At 12:30, a young staffer with a clipboard came over and asked nicely if I wanted to play in the tournament. I was sunk deep in a well-used couch by that time and replied nicely that I was good, but thanks, and he turned and asked the three undergrads, who had just sat down to eat their buffalo wings and celery sticks. They also declined, and he went off to find a place for his clipboard. I saw that one of the women was a former student and went to say hello. Her friend said they were "just there to eat and relax because it was too crazy" in their apartment building.

The associate pastor, Keith, stepped up to tell the young women that in a few minutes he’d hook them up with guitars. They smiled politely and looked at each other. I introduced myself to Keith and asked if he was expecting a crowd, and he said that since it was the first time they’d done this, he didn’t know. I asked if I needed to be back that night by a certain time to observe the Are You Smarter Than a Fifth Grader game show they had planned. He looked puzzled and said no, it was a DVD game, and I could come any time between six and midnight. “Hello, Channel Three!” he said and stepped away as a young reporter and her cameraman came into the hall.
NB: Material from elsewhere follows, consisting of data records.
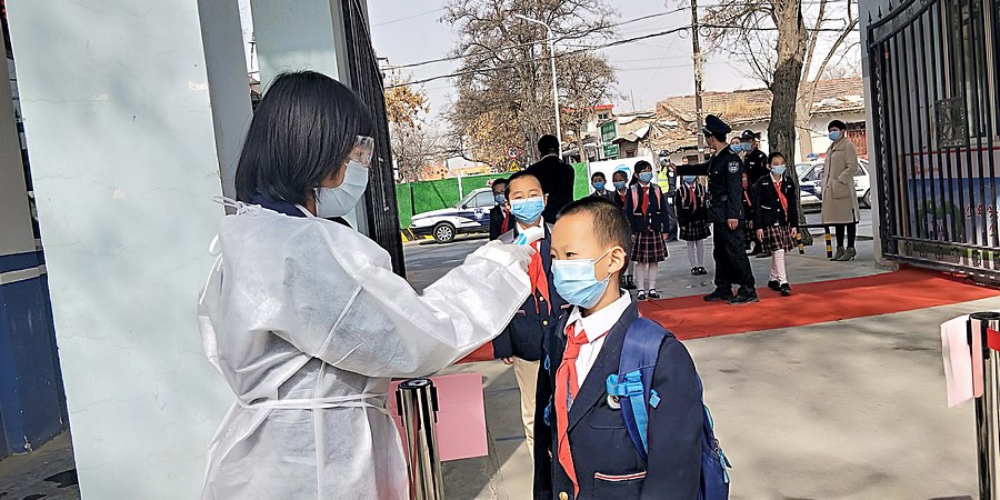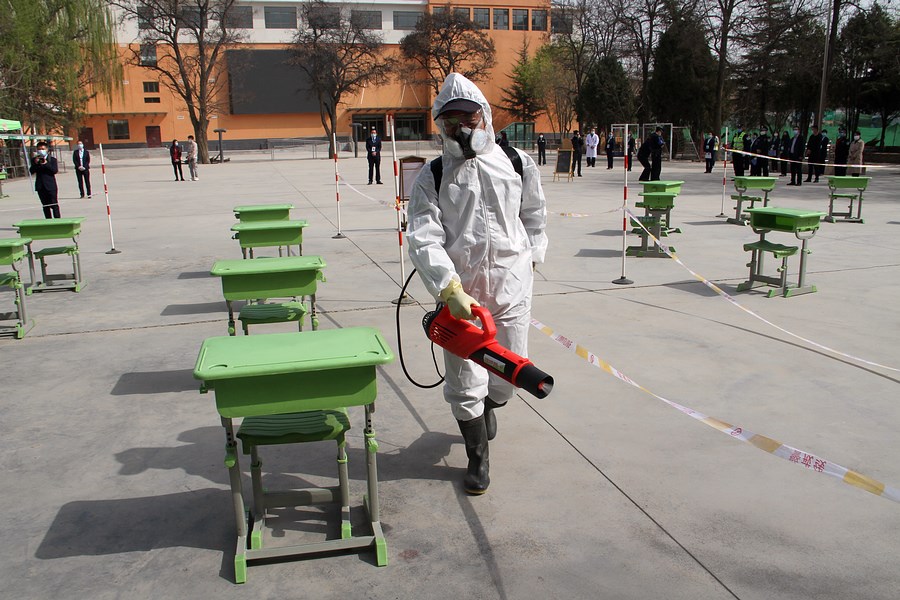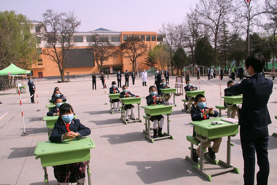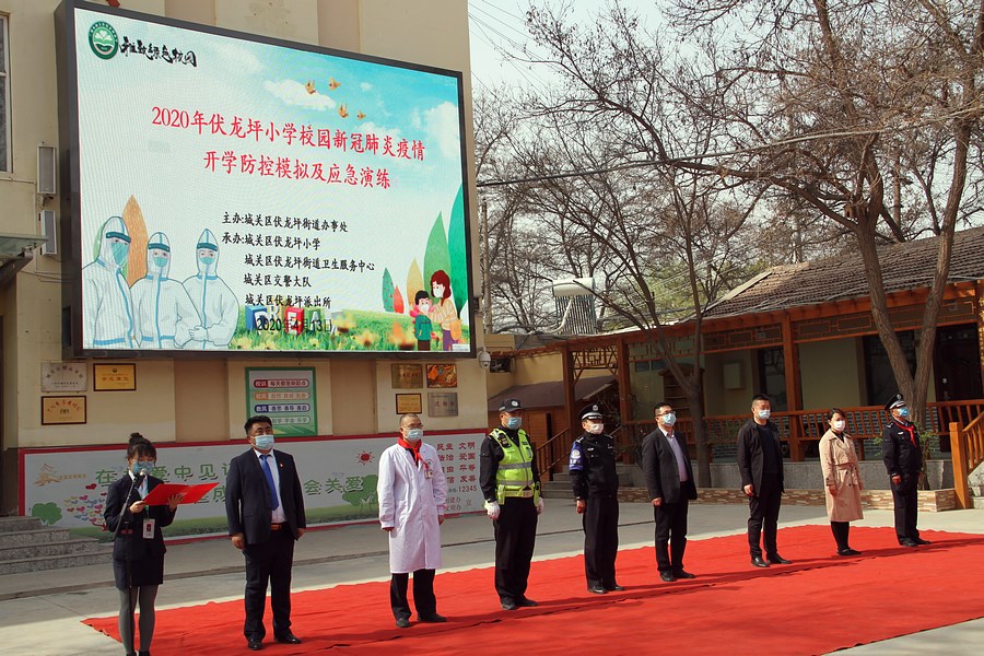 4月20日,是兰州市城关区根据疫情情况通知开学第一天,该校首开先河举办校园新冠肺炎疫情开学防控模拟及应急演练,模拟情景从学生入校消毒、安检、进校测温并登记,进入教室,进班复测。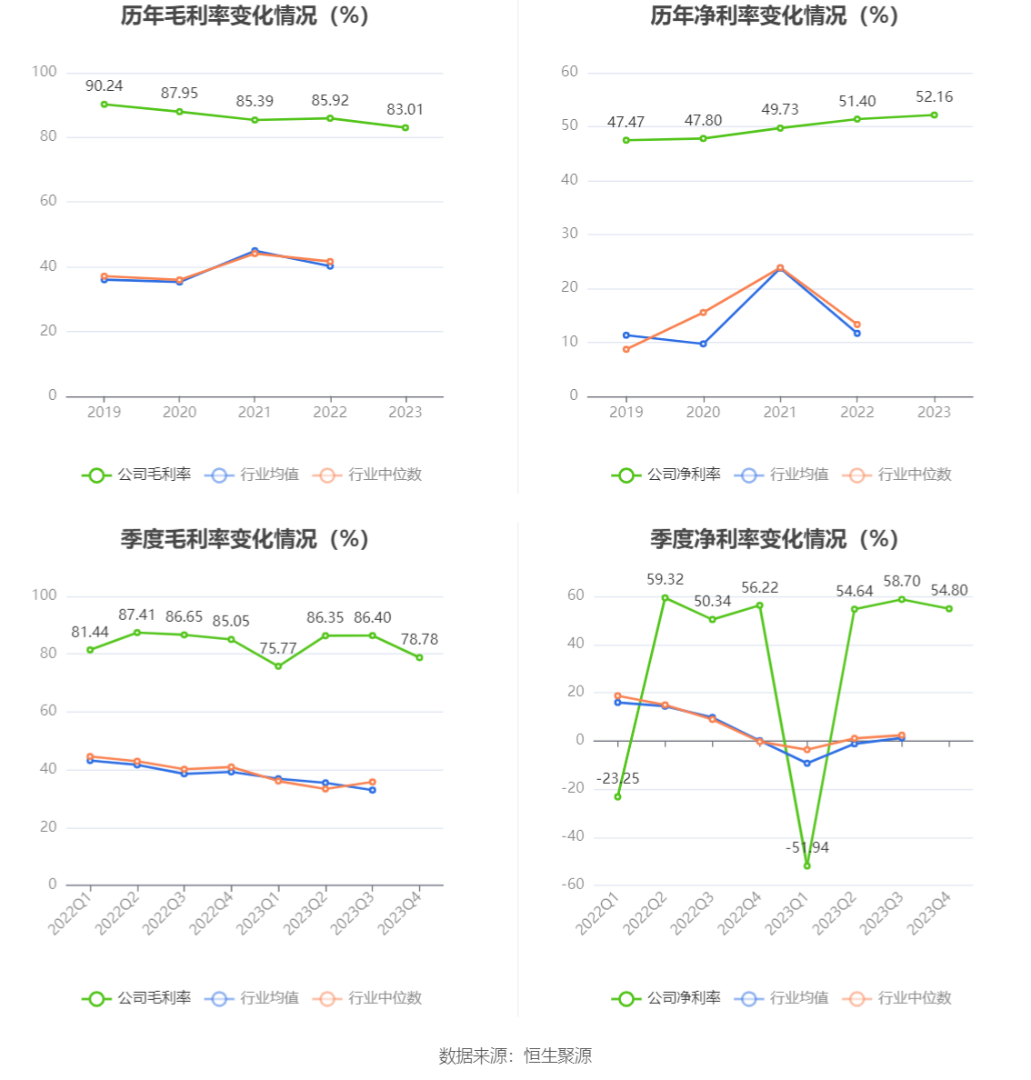 2023年,公司毛利率为83.01%,同比下降2.91个百分点;净利率为52.16%,较上年同期上升0.76个百分点。从单季度指标来看,2023年第四季度公司毛利率为78.78%,同比下降6.27个百分点,环比下降7.62个百分点;净利率为54.80%,较上年同期下降1.42个百分点,较上一季度下降3.90个百分点。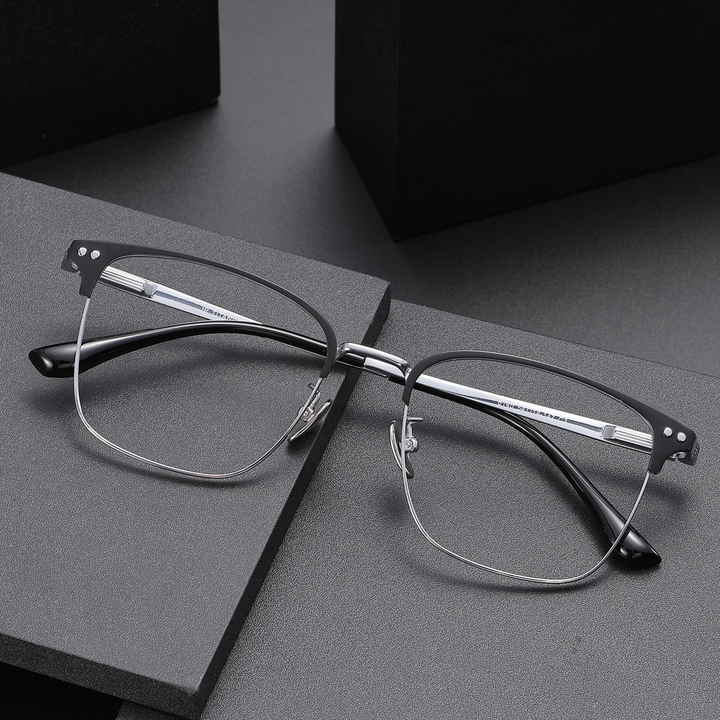 复古纯钛半框眼镜男士近视可配有度数设计师款防蓝光眉线眼睛框架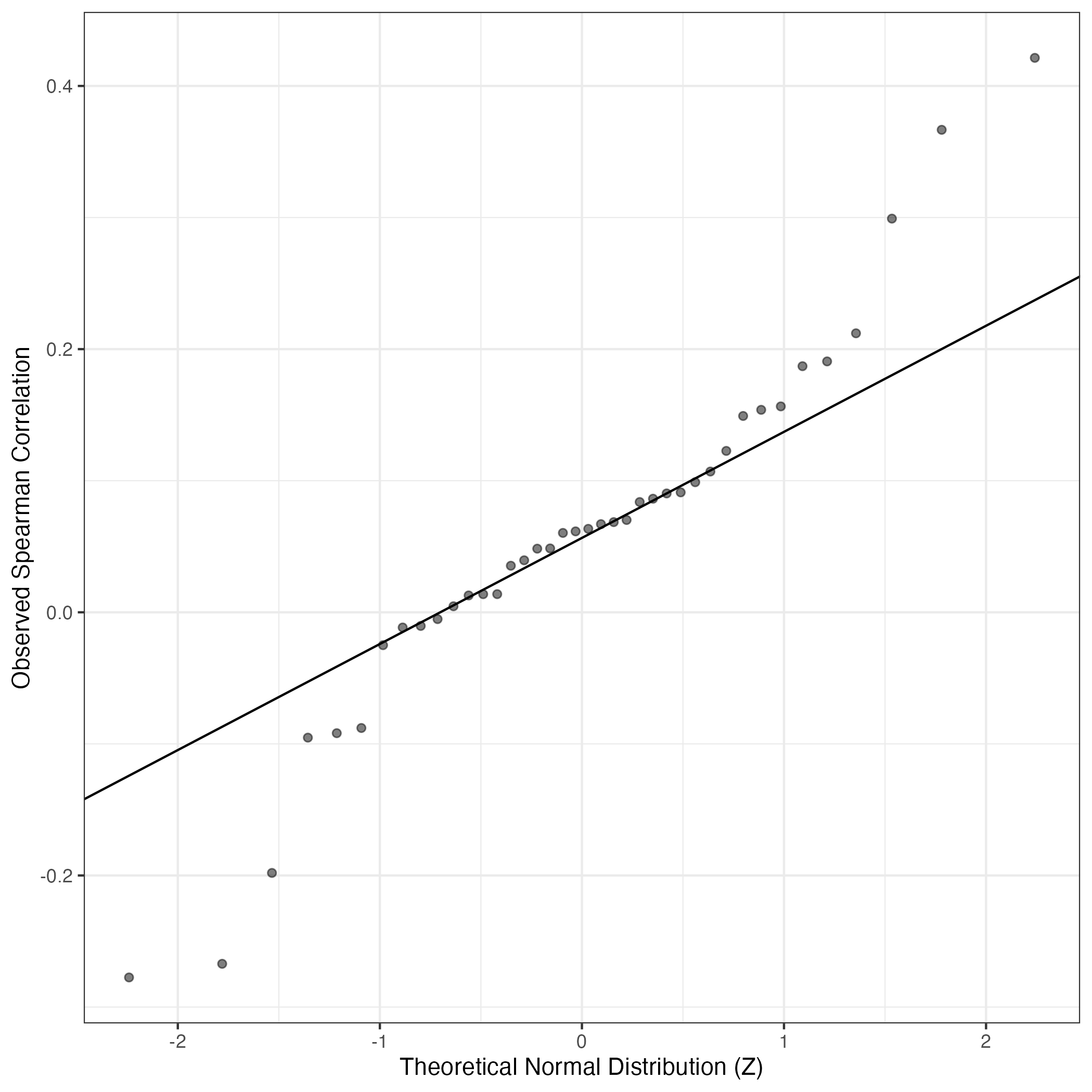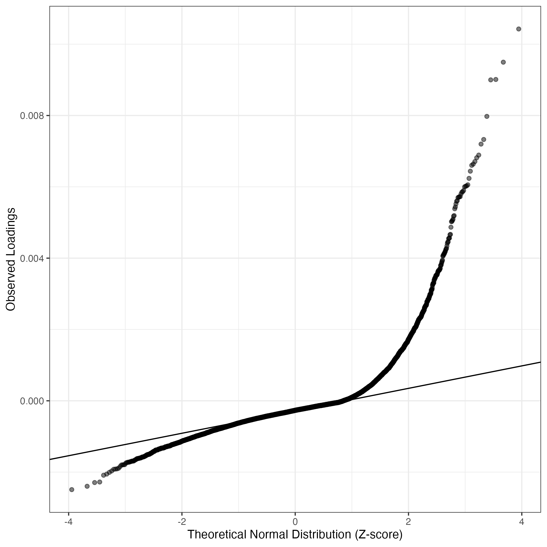 QQ-plot of gene loadings, averaged over both independent splits of the data
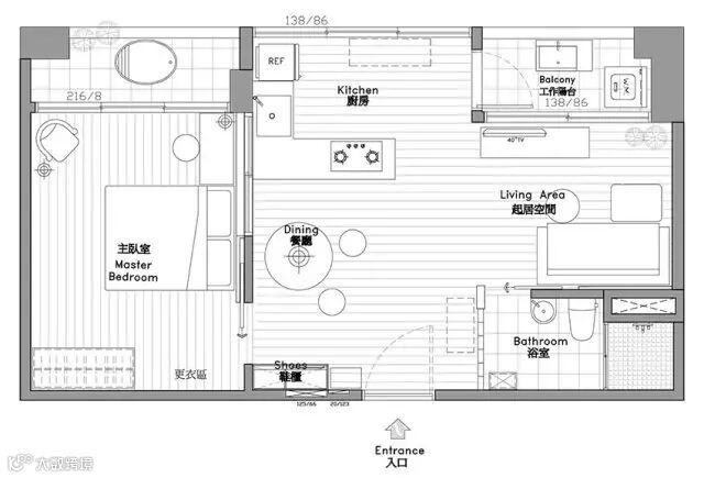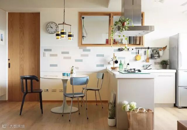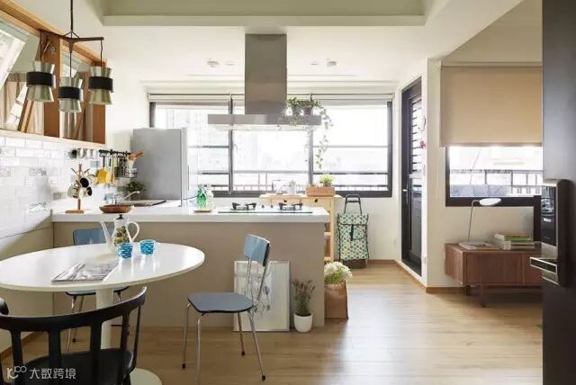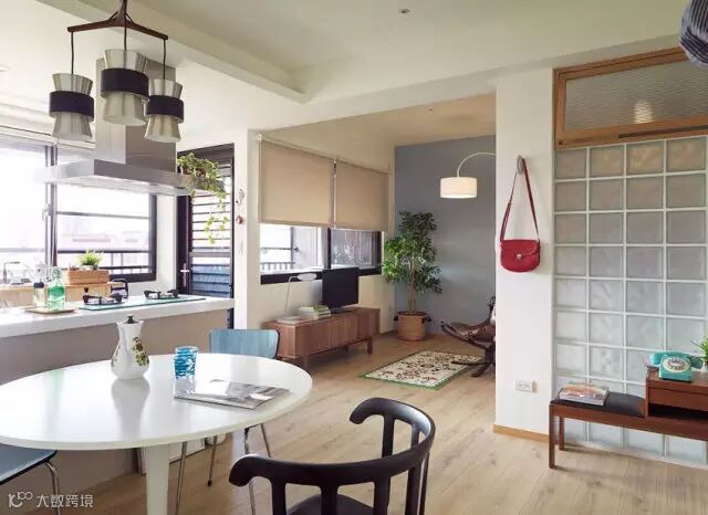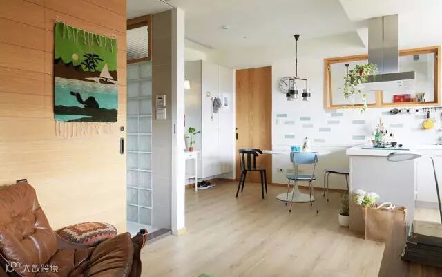 ▼开放式空间,串联客厅、餐厅、厨房,对墙采光蔓延至玄关。进门不会因为空间小而压抑,反而因为整体开放区域而心情舒畅。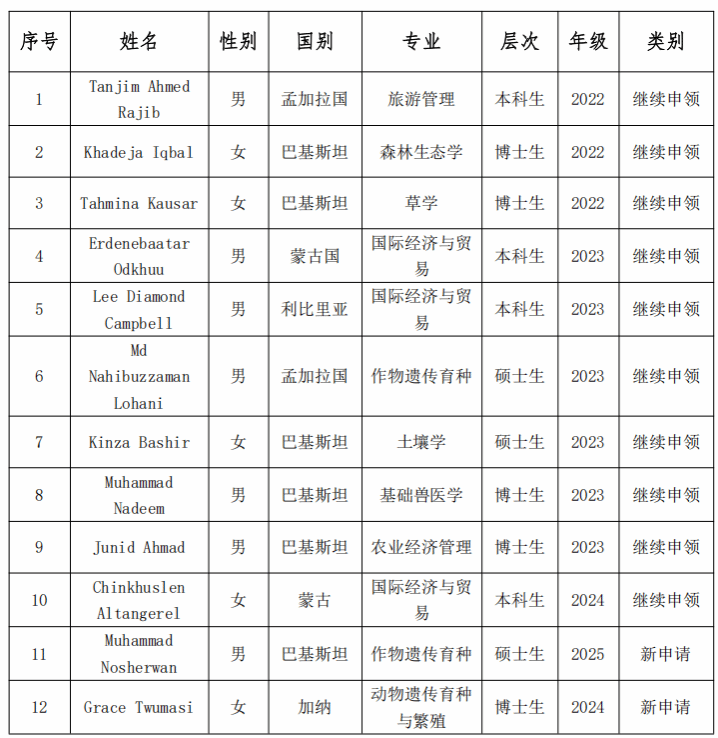 按按照《成都市留学生政府奖学金管理办法》相关要求,经个人申请、学校评审推荐,成都市教育局同意我校Tanjim Ahmed Rajib等12名国际学生获得2025年度成都市“一带一路”留学生政府奖学金,现将具体名单公示如下: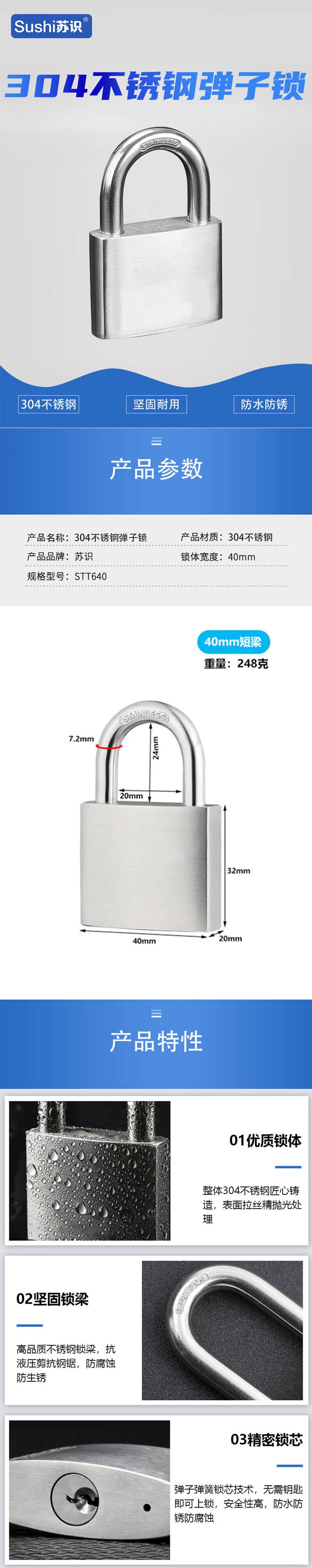 苏识 1610805 短梁304不锈钢弹子锁挂锁 STT640 银色按(个)销售   收藏

Outside on the muddy sidewalk two groups of students in green and beads passed each other, high-fiving like sports teams, and yelling, “Happy Unofficial, yeah!” The raw wind had risen to 35 m.p.h., and plastic sheeting on the unfinished buildings tattered and snapped.

Two blocks away, C.O. Daniels had just been raided and shut down for selling all-you-can-drink bracelets in violation of ordinances, and early reports said a dozen students were busted for underage drinking. In response, Kam’s had suddenly decided to raise entry age to 21. When I passed Kam's, the early drinkers had tired out and settled into a dull hubble-bubble. Campustown looked nearly normal for a Friday afternoon, despite sheriff’s cars and two motorcycle policemen who raised whoops from a few students selling green beads, two strands for a buck, on the corner by Espresso Royale.

As I left to go home, a guy in paper shamrock spectacles passed me on the sidewalk and declared, “I’m gonna kiss the next girl I see!” A pack of young women jogged past in spandex and sweats, hair pulled back in ponytails, looking professionally healthy.

“Yeah, right,” one of the guy’s drinking buddies said.